▶ _Exercise details_:
Restate word for word the section of the entries that opens at the line containing "Not all parameters" and closes at the line containing "ca 1920s Stella", both lines kept, pictures dropped.

▶ _Data listing_:
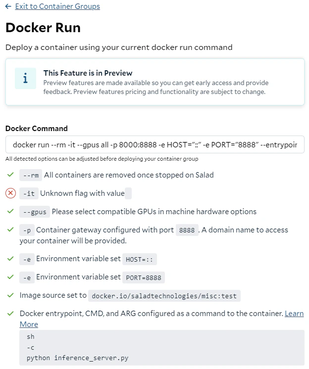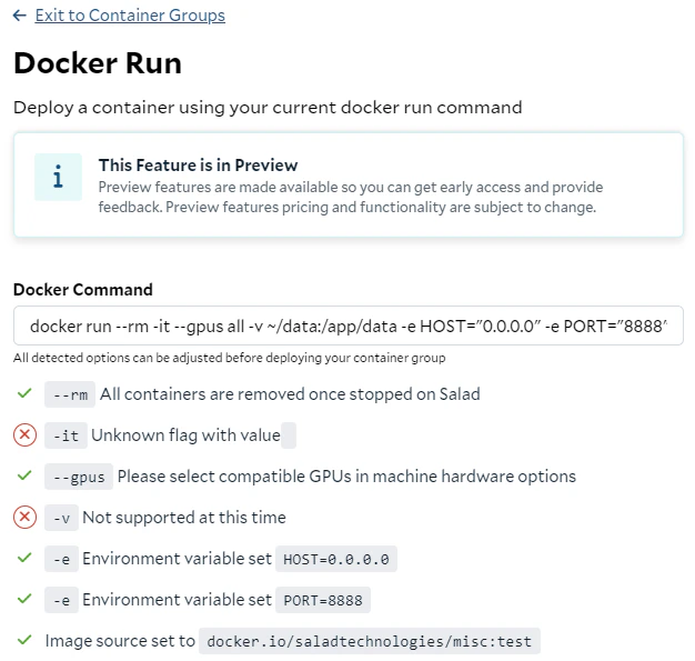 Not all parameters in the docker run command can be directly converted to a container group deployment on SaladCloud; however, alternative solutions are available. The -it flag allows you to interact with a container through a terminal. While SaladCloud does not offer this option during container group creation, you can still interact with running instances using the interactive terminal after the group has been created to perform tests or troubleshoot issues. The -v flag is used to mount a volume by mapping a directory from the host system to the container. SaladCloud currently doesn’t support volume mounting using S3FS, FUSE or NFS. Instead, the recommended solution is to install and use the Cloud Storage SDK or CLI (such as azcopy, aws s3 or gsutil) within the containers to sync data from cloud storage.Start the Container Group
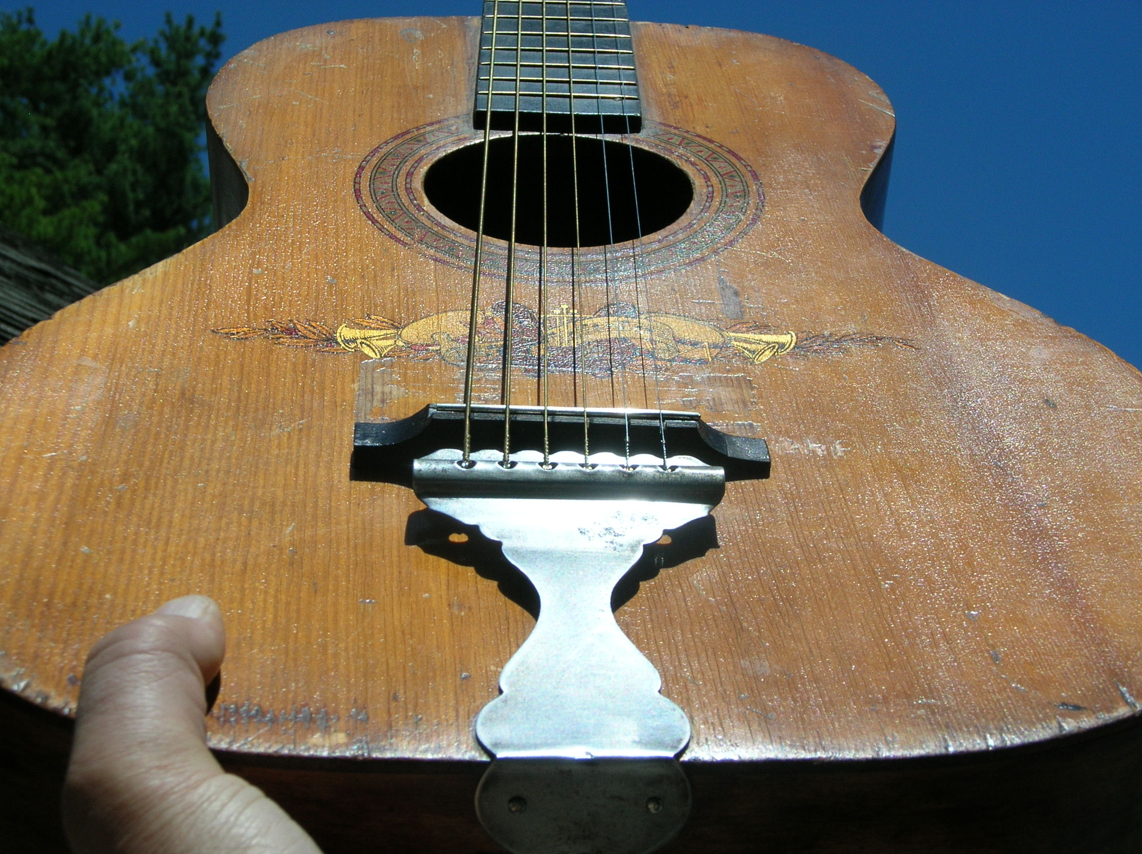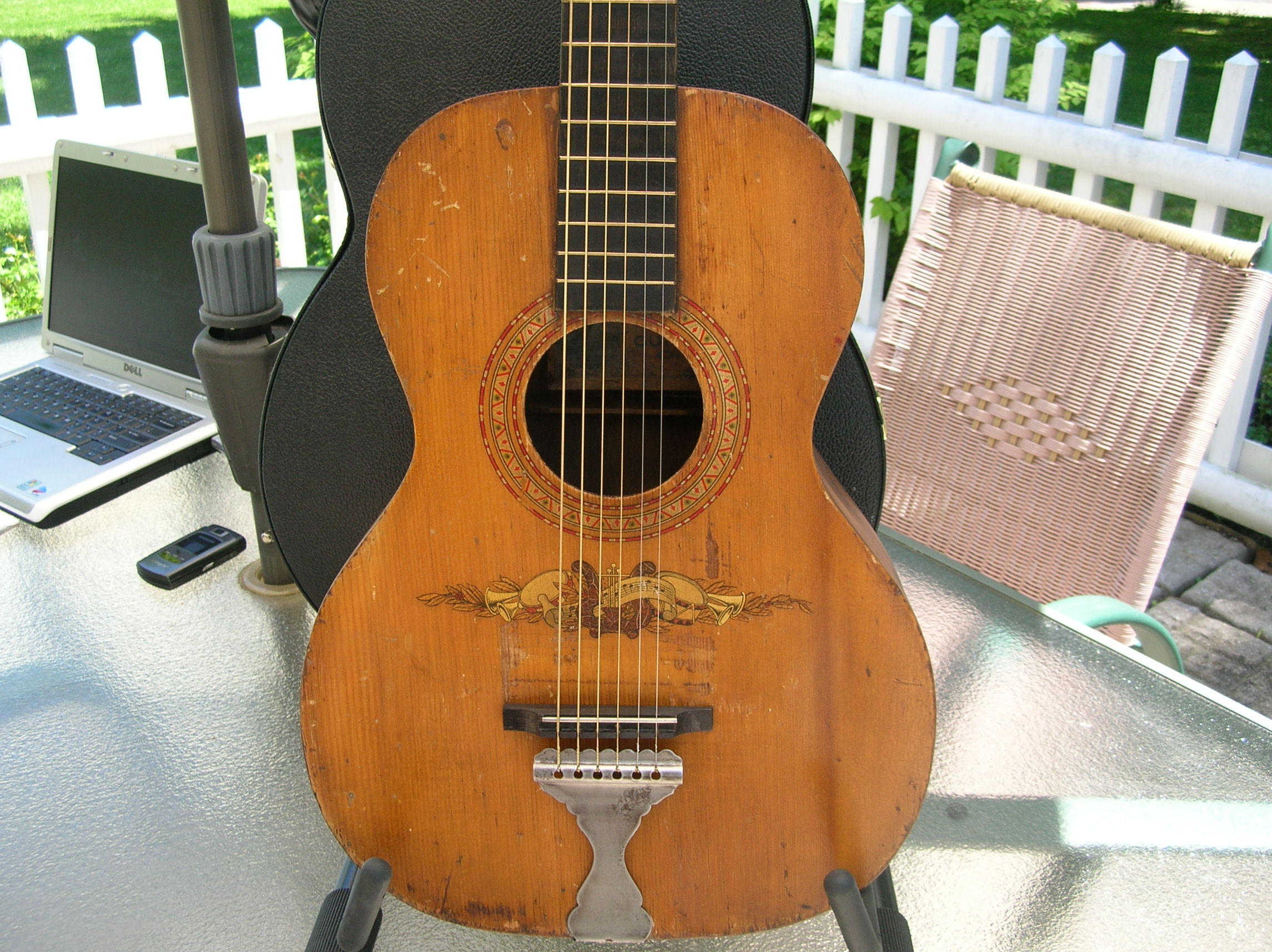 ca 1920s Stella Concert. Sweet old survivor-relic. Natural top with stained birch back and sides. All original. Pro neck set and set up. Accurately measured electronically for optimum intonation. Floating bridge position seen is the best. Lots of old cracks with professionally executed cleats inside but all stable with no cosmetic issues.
==
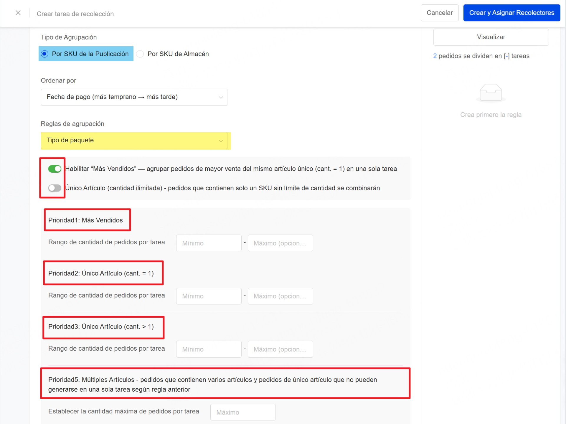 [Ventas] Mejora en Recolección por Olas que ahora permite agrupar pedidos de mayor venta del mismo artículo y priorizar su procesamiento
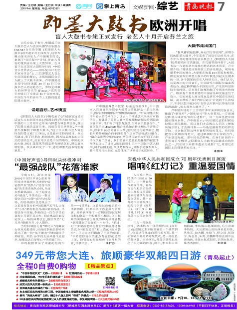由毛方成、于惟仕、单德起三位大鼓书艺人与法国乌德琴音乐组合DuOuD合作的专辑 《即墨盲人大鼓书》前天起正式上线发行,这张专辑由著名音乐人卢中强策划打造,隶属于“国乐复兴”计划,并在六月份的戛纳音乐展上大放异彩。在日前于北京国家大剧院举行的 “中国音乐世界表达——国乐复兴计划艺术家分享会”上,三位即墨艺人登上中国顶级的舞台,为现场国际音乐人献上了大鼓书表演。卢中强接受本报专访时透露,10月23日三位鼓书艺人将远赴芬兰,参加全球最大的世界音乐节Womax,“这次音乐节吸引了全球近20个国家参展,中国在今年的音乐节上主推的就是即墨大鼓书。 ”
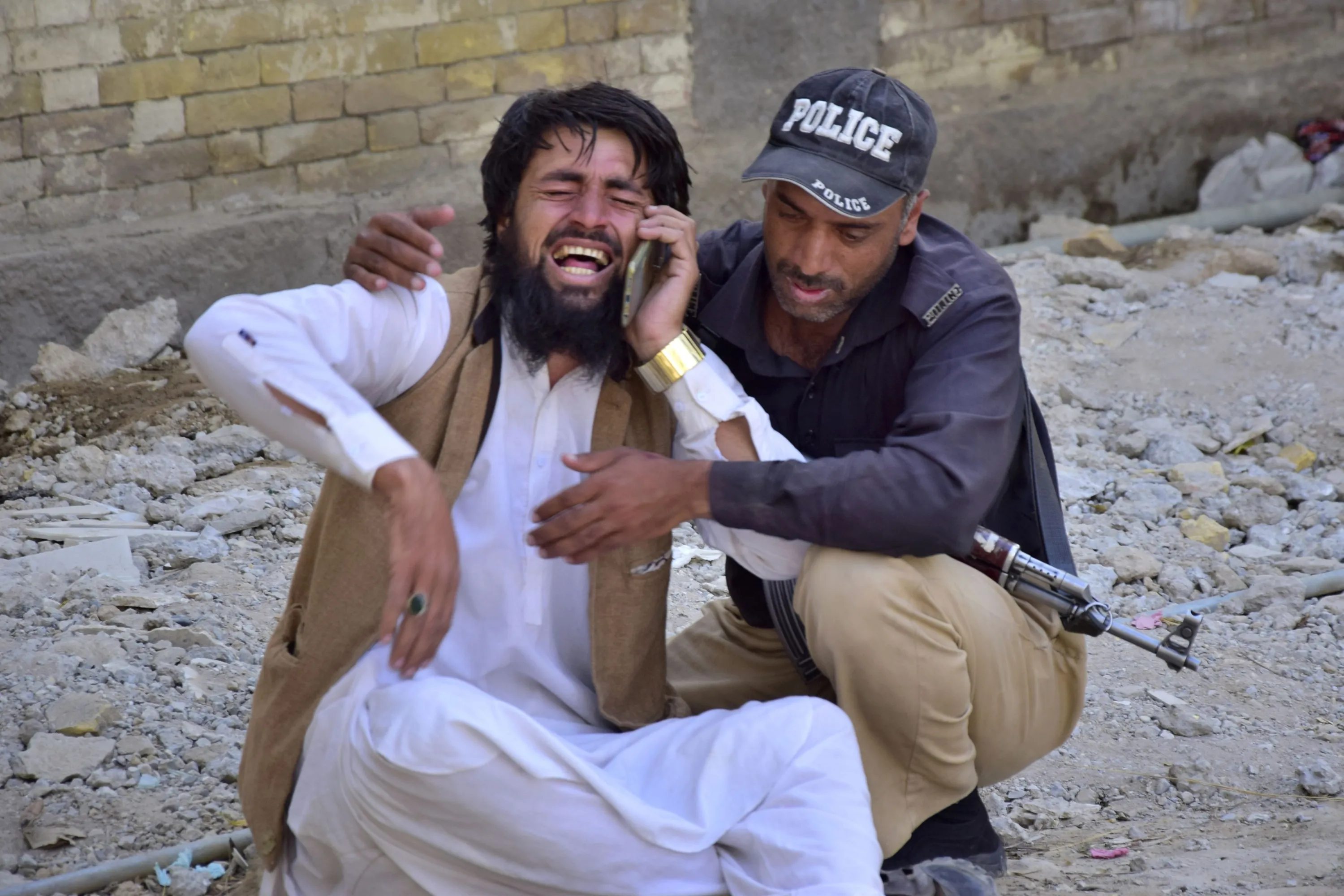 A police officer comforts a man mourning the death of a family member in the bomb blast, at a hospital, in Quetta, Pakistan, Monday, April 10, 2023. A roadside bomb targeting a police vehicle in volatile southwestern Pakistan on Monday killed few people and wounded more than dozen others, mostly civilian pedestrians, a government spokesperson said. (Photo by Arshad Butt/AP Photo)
--
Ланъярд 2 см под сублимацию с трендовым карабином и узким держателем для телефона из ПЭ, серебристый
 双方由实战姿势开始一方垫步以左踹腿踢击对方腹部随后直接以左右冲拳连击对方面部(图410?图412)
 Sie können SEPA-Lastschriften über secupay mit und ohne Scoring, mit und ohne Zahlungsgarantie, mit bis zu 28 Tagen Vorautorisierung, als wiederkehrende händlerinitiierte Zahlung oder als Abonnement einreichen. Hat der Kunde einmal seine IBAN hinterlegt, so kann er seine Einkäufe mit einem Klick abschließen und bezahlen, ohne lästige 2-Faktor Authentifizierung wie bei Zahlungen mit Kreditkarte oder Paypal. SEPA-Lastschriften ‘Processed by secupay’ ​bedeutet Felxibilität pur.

▶ _Response_:
 Not all parameters in the docker run command can be directly converted to a container group deployment on SaladCloud; however, alternative solutions are available. The -it flag allows you to interact with a container through a terminal. While SaladCloud does not offer this option during container group creation, you can still interact with running instances using the interactive terminal after the group has been created to perform tests or troubleshoot issues. The -v flag is used to mount a volume by mapping a directory from the host system to the container. SaladCloud currently doesn’t support volume mounting using S3FS, FUSE or NFS. Instead, the recommended solution is to install and use the Cloud Storage SDK or CLI (such as azcopy, aws s3 or gsutil) within the containers to sync data from cloud storage.Start the Container Group
 ca 1920s Stella Concert. Sweet old survivor-relic. Natural top with stained birch back and sides. All original. Pro neck set and set up. Accurately measured electronically for optimum intonation. Floating bridge position seen is the best. Lots of old cracks with professionally executed cleats inside but all stable with no cosmetic issues.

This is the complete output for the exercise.